The following steps are the core of creating an annotation-driven embedding.

### Winsorize Data

We'll start by winsorizing the marker expressions one by one.

In [12]:
from scipy.stats.mstats import winsorize

winsorized_expression = raw_expression.copy()

for i, _ in enumerate(markers):
    winsorized_expression[:, i] = winsorize(winsorized_expression[:, i], limits=[0.01, 0.01])
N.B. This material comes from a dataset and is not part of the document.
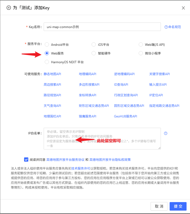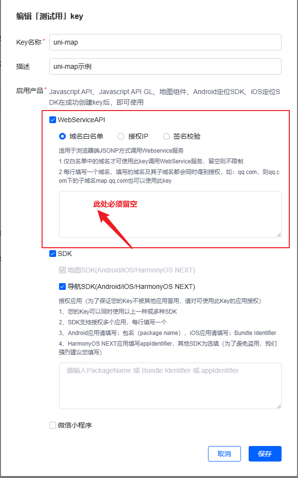 | uni-map-common | 199 | 此key未开启webservice功能 |

### Normalize & Scale Data

Next, for _complete_ FAUST label (i.e., cluster) we are normalizing the expression values to have zero mean and unit variance (using [`StandardScaler`](https://scikit-learn.org/stable/modules/generated/sklearn.preprocessing.StandardScaler.html)). And then we scale the normalized expression values of each marker (i.e., feature) to [0,1000] or [1000,2000] (using [`MinMaxScaler`](https://scikit-learn.org/stable/modules/generated/sklearn.preprocessing.MinMaxScaler.html)) based on its expression level. In other words, we separate the expression ranges of each features based on the feature's expression level.

In [None]:
from sklearn.preprocessing import MinMaxScaler, StandardScaler
from time import time

std_scaler = StandardScaler()
expression_level_scalar = {
    '-': MinMaxScaler(feature_range=(0, 1000)),
    '+': MinMaxScaler(feature_range=(1000, 2000)),
}
expression_level_translation = {
    '-': 1000,
    '+': 2000,
}

faust_labels = data.complete_faust_label.unique()
num_faust_labels = len(faust_labels)

embedding_expression = winsorized_expression.copy()

t = 0

# 1. Normalize expressions for each phenotype to zero mean and unit variance
for i, faust_label in enumerate(faust_labels):
    if i % 1000 == 0:
        t = time()
        print(f'Transform {i}-{i + 999} of {len(faust_labels)} clusters... ', end='')
    
    # 1a. We get the indices of all data points belonging to the same complete FAUST label
    idxs = data.query(f'complete_faust_label == "{faust_label}"').index
    # 1b. Then we normalize the expression values of all the data points
    embedding_expression[idxs] = std_scaler.fit_transform(embedding_expression[idxs])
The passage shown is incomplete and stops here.